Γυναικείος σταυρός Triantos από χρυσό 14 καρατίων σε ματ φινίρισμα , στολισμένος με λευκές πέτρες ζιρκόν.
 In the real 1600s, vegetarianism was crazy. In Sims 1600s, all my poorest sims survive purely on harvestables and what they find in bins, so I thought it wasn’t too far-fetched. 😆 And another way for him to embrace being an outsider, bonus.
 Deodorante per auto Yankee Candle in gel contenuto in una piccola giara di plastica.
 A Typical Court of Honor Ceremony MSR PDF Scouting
______________________________
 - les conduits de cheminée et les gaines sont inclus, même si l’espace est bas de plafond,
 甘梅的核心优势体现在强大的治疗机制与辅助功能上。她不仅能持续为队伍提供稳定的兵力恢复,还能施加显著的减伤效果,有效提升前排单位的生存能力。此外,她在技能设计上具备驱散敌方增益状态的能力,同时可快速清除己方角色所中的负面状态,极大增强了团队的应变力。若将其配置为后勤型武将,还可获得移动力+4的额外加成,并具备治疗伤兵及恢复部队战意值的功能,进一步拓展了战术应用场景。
______________________________
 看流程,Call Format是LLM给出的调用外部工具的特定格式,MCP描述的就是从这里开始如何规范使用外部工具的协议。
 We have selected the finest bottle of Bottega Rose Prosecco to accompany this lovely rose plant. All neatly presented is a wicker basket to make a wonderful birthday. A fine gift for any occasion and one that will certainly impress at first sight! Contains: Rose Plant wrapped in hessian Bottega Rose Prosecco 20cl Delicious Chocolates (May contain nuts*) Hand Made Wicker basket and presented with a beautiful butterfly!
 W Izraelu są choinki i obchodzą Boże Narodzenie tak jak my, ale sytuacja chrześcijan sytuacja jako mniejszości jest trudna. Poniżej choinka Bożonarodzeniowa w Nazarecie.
______________________________
→ EXERCISE REQUIREMENTS: Write out, from the lines above, only those from the line with "看流程,Call Forma" to the line with "W Izraelu są", exactly as given, including the first and the last.

→ YOUR SOLUTION:
 看流程,Call Format是LLM给出的调用外部工具的特定格式,MCP描述的就是从这里开始如何规范使用外部工具的协议。
 We have selected the finest bottle of Bottega Rose Prosecco to accompany this lovely rose plant. All neatly presented is a wicker basket to make a wonderful birthday. A fine gift for any occasion and one that will certainly impress at first sight! Contains: Rose Plant wrapped in hessian Bottega Rose Prosecco 20cl Delicious Chocolates (May contain nuts*) Hand Made Wicker basket and presented with a beautiful butterfly!
 W Izraelu są choinki i obchodzą Boże Narodzenie tak jak my, ale sytuacja chrześcijan sytuacja jako mniejszości jest trudna. Poniżej choinka Bożonarodzeniowa w Nazarecie.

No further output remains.